Raw data –

----

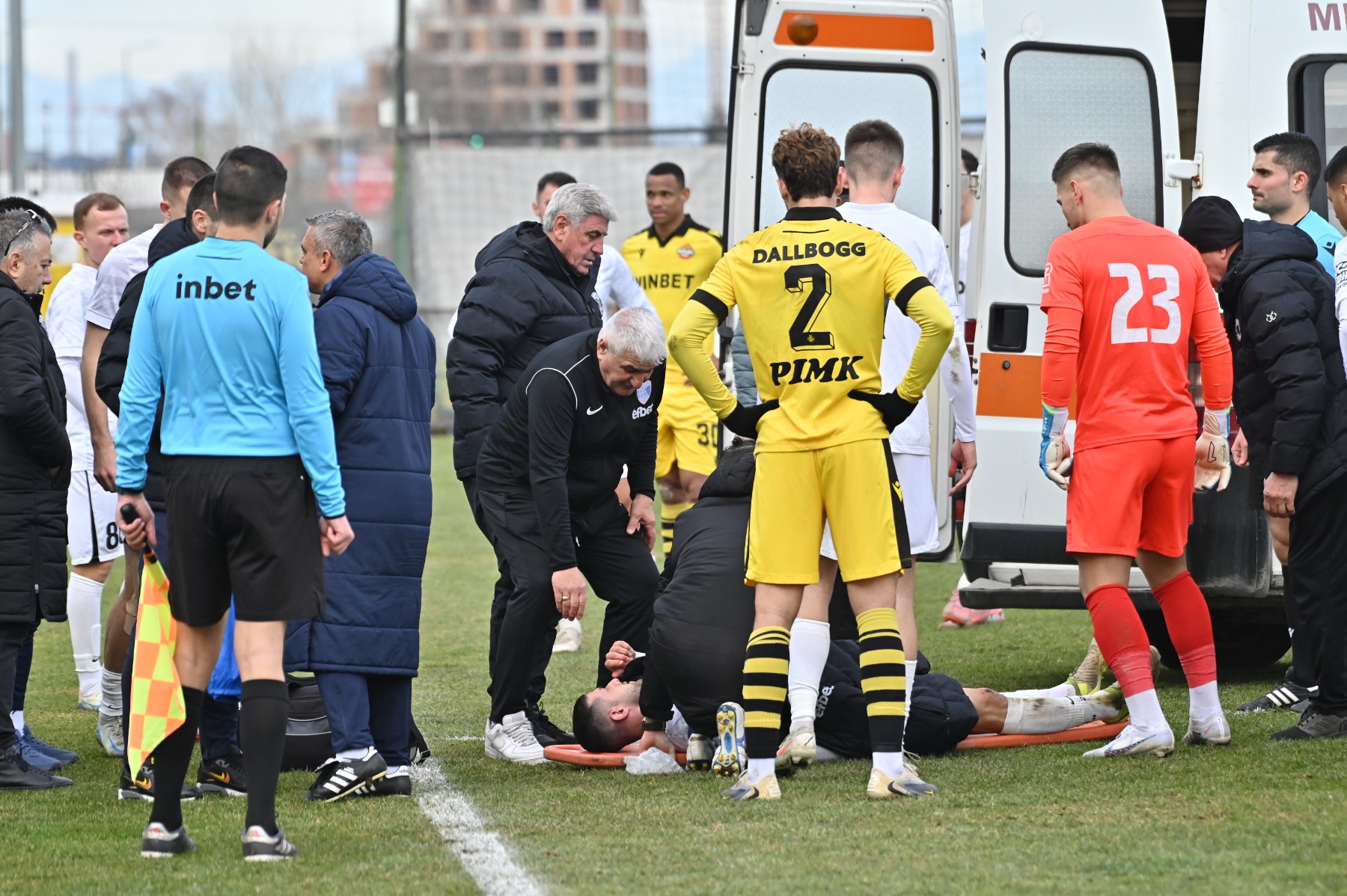И двамата футболисти паднаха на земята, но този на Ботев се изправи бързо, докато Лозев стоя няколко минути неподвижен. Малко по-късно линейка пристигна на терена и отведе футболиста към болницата за следващи прегледи. На камерата обаче се видя, че Лозев все пак свали лентата от ръката си, когато влезе в линейката, което означава, че той е бил в съзнание.
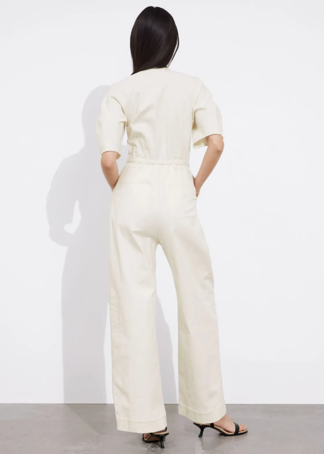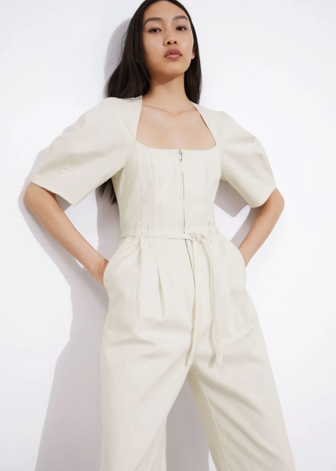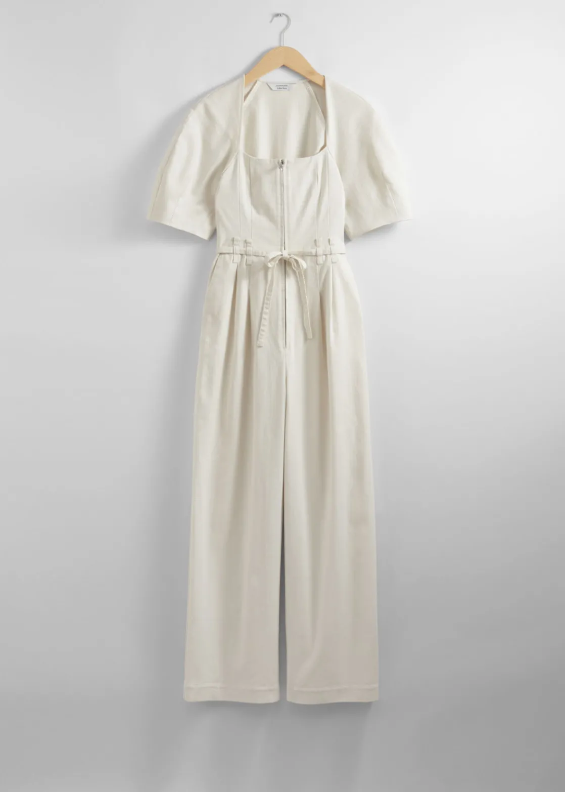 Jumpsuit featuring a square neckline and short three-quarter sleeves. Secured with a thin self-tie belt.
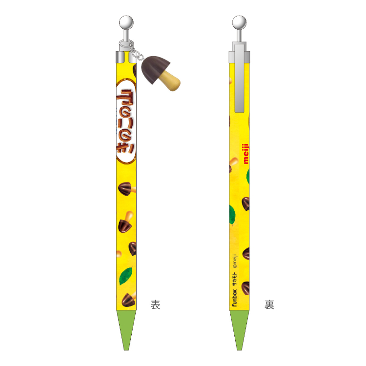 - お菓子の「きのこの山」柄のマスコット付きシャープペンシル。

----

Assignment – Nothing but the lines from the one containing "Jumpsuit featuring a" through the end of the listing should be written out, each exactly, and pictures must be left out.

Worked solution –
 Jumpsuit featuring a square neckline and short three-quarter sleeves. Secured with a thin self-tie belt.
 - お菓子の「きのこの山」柄のマスコット付きシャープペンシル。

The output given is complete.